Abstract

Polythiophene-graft-polyampholyte (PTP) is synthesized using N,N-dimethylaminoethyl methacrylate and tert-butyl methacrylate monomers by grafting from polythiophene backbone, followed by hydrolysis. The resulting polymer exhibits aqueous solubility via formation of small-sized miceller aggregates with hydrophobic polythiophene at the center and radiating polyionic side chains (cationic or anionic depending on the pH of the medium) at the outer periphery. The critical micelle concentration of PTP in acidic solution (0.025 mg/mL, pH = 2.7) is determined from fluorescence spectroscopy. PTP exhibits reversible fluorescence on and off response in both acidic and basic medium with the sequential addition of differently charged ionic surfactants, repeatedly. The fluorescence intensity of PTP at pH 2.7 increases with the addition of an anionic surfactant, sodium dodecyl benzenesulfonate (SDBS), due to the self-aggregation forming compound micelles. The fluorescence intensity of these solutions again decreases on addition of a cationic surfactant, cetyltrimethylammonium bromide (CTAB), because of assembling of SDBS with CTAB, thus deassembling the PTP-SDBS aggregates.
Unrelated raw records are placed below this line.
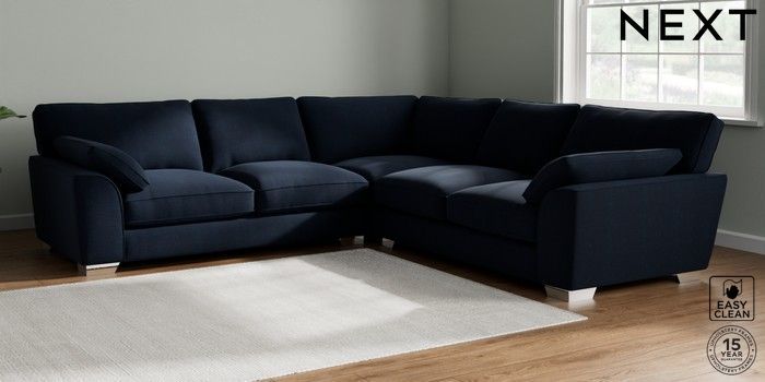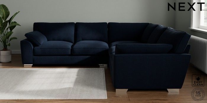 7.3.1 Buy Stamford Grand Relaxed Sit Large Corner Sofa - Universal Fine Chenille Easy Clean Dark Navy Blue Large Square Angle - Chrome Metal from the Next UK online shop Click here to use our accessible website
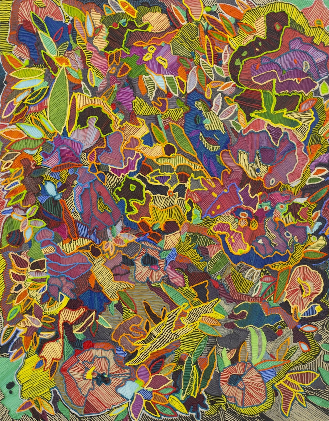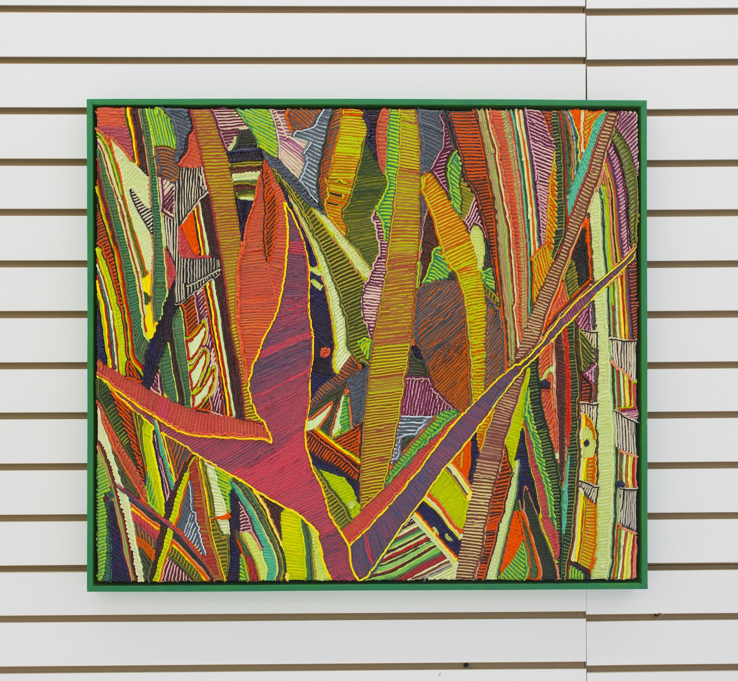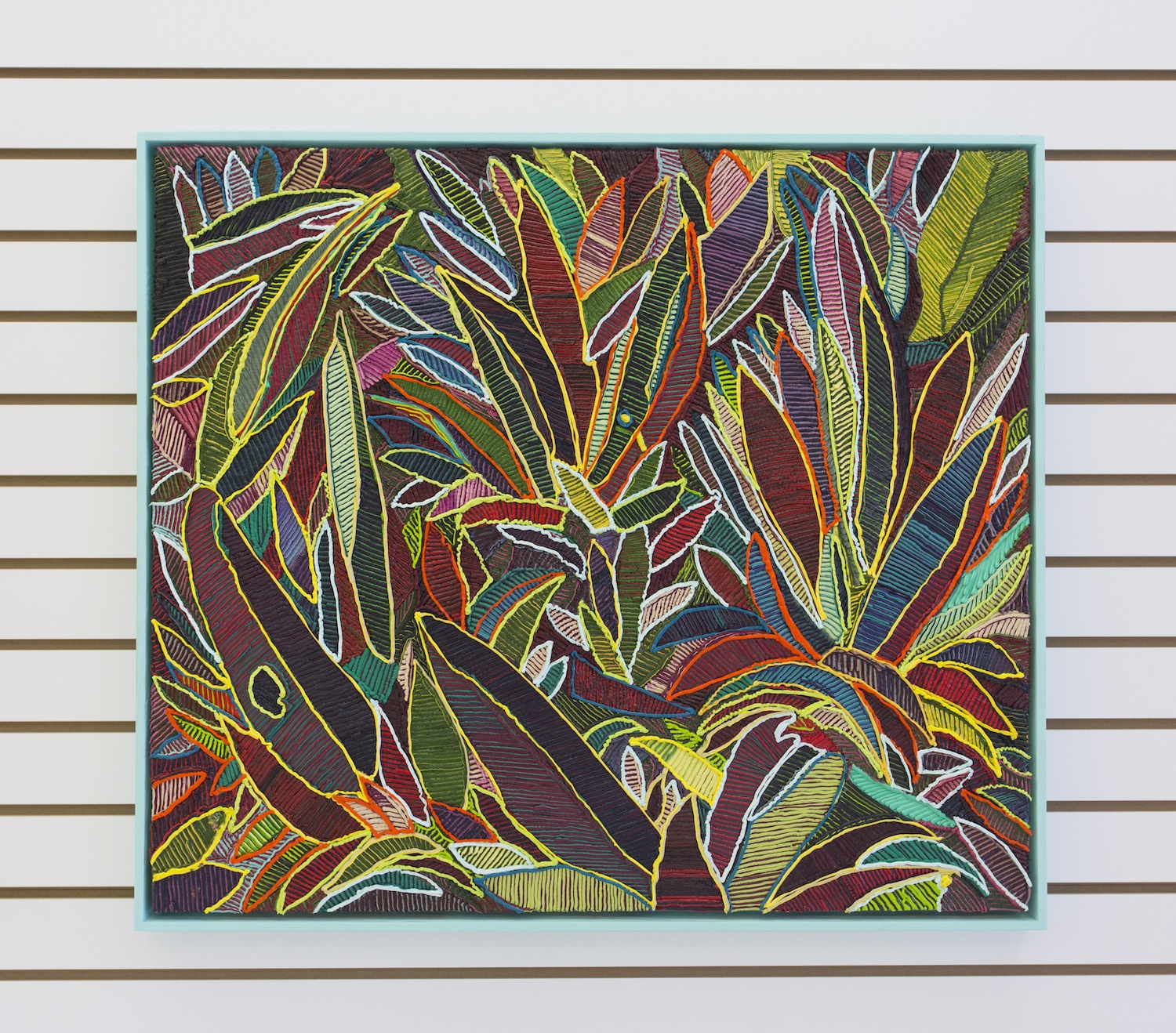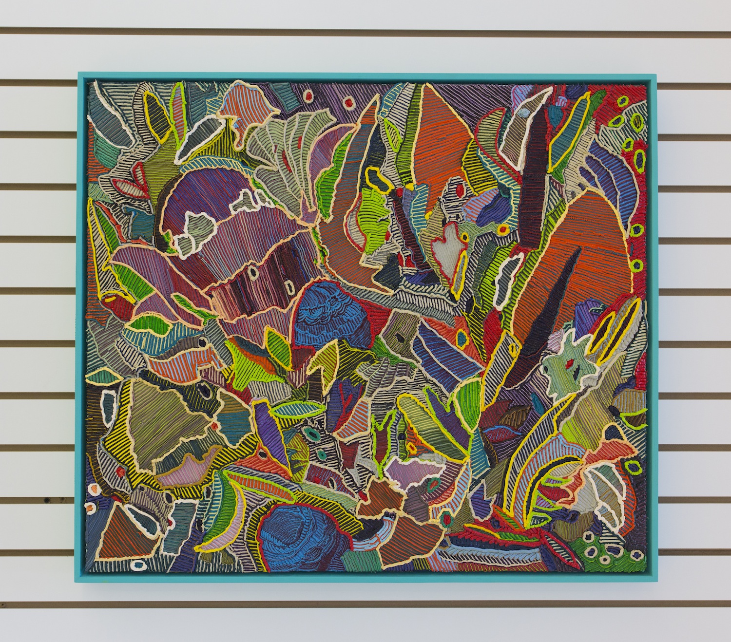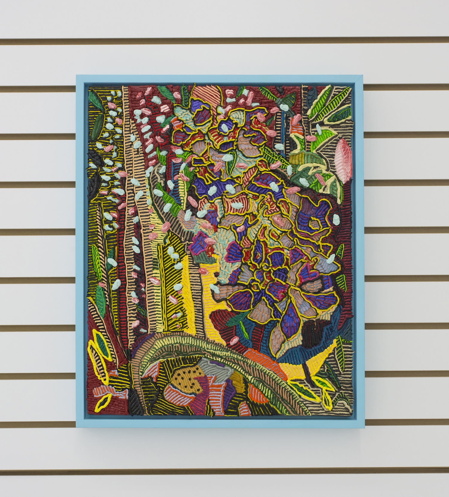 Dispensing paint through a pastry tube with varying nibs, Larsen is able to line, layer and weave colors together, sometimes blending them within the same extrusion. This technique can produce a variety of effects, from 8-bitish pointillism in the weaves, to a sort of jewel-like sculptural relief in the plants, or a tessellated warping mesh grid in the lined hybrid works. The pieces are composed either in a wonky top-down, left-to-right layering or a block-by-block patterning that is more articulated edges and paint-by-numbers.
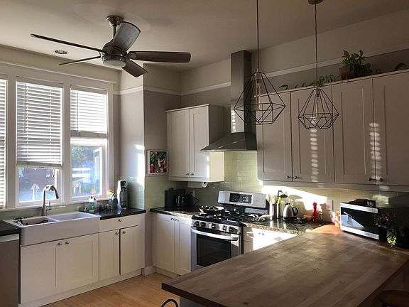This lovely and modern 2 story, 3 bedroom/2.5 bathroom house has been well maintained and loved by its owners. Hardwood floors throughout, with high ceilings and skylights, plenty of space makes this the perfect house for a family or group of friends. It would be perfect for visiting scholars or faculty at any of the nearby universities in the East Bay or San Francisco. 5 miles to UC Berkeley and 10 miles to the heart of San Francisco, located close to all of the major free-way entrances, getting around is a breeze. Secure gated parking in the driveway for 2 cars. A lovely private garden and backyard is accessed through two sets of double French doors off the great room. The backyard area is quiet, with lots of birds chirping and butterflies in the Springtime. It includes a raised bed garden, where you are invited to plant things and watch them grow. Propane fire pit, gas grill, small table for al fresco dining and large couch great for hosting. Comes with bluetooth speakers. Inside, you will find double paned windows providing lots of light filled rooms, gas fireplace, plenty of storage space, and everything you will need to make this house your home. House comes fully furnished and turn key ready. Owner pays for trash, water, and high-speed fiber internet. Renter will pay for PG&E (gas and electric). Monthly housekeeping is covered by owner as well. 1st Level Consists of large open great room that includes kitchen, large dining table that seats 8, living room, small office/reading nook area with desk, closet and laundry room with half bath. Kitchen with all modern appliances, including espresso machine, dishwasher and microwave. Living room with plenty of seating/space and comes with Kiplisch speakers and projector and screen for theater views. Washer and dryer located in half bath. 2nd level One bedroom with large closet is currently being used as an office. Second bedroom with large closet, dresser, desk, and queen size bed. Nice full bathroom with bathtub/shower. Huge hall way double closet for tons of storage space. Master bedroom comes with dresser, queen size bed with lots of storage, and two large closets. En-suite bathroom is large with shower, jacuzzi tub, double sink, and separate toilet room. The Dogtown district, is located in culturally vibrant West Oakland. Situated 10 miles to the heart of downtown San Francisco - you get access to San Francisco, while enjoying the diversity of Oakland and the warmer temperature! This neighborhood is perfect for people who want to experience both sides of the bay. House is located on a quiet street, with some neighbors who have been here all of their lives. This is an up and coming neighborhood, so you will see signs of gentrification. If this makes you uncomfortable, this might not be the place for you. Oakland has its challenges for sure - make sure you do your research. Having said that, we love it here and have never felt unsafe. Oakland is home to the Black Panthers and is full of awesome art, history, and culture. There is a local bodega a few doors down and a local co-op grocery store 1.5 blocks. We welcome people from all backgrounds, colors, cities, etc. Oakland is an amazing city that has a lot of energy, spirit, and history. Looking to rent home the beginning of April for a 6 month to one-year lease. Preference given to one year lease. Move-in/Move out dates flexible. This home is the owner's primary residence. Owner will be traveling for 12 months. House may be rented at minimum, 6 months but preference given to 12 months. Owner pays all utilities except gas and electric. Owner provides monthly housekeeping service. Well behaved pets will be considered. Secure driveway with space for 2 vehicles.
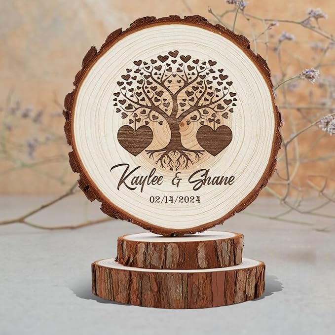 - CUSTOMIZATION: Personalized with names and date laser engraved on natural wood slice, featuring a beautiful heart tree design for a unique wedding, anniversary, birthday, baby shower keepsake. It can also be a table card, and as a companion gift souvenir to family, friends, groomsmen and bridesmaids, and the newlyweds themselves
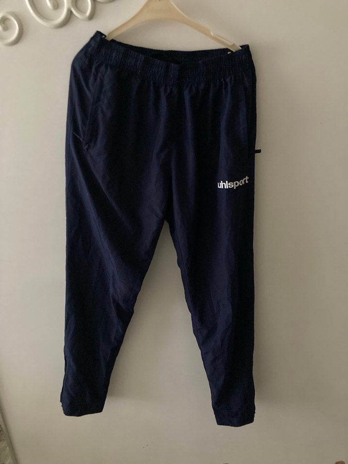 Navy renkli, bol kesim ve fermuarlı ceplere sahip, yumuşak ve sıcak kumaştan yapılmış erkek outdoor sweatpant. Paraşüt boyu 98

At pH 9.2, these turn on and turn off responses are also shown by PTP with the sequential addition of cationic surfactant (CTAB) and anionic surfactant (SDBS), respectively. This result shows that PTP has potential for surfactant-induced reversible fluorescence turn on and off using ionic surfactant (SDBS and CTAB) through self-assembling and deassembling of the ionic aggregates. The reversible aggregation and disaggregation process of PTP with the surfactants at both acidic and basic pH is supported from dynamic light scattering and Fourier transform infrared spectroscopy. The morphology of the above systems studied by transmission and scanning electron microscopy also supports the above aggregation and disaggregation process.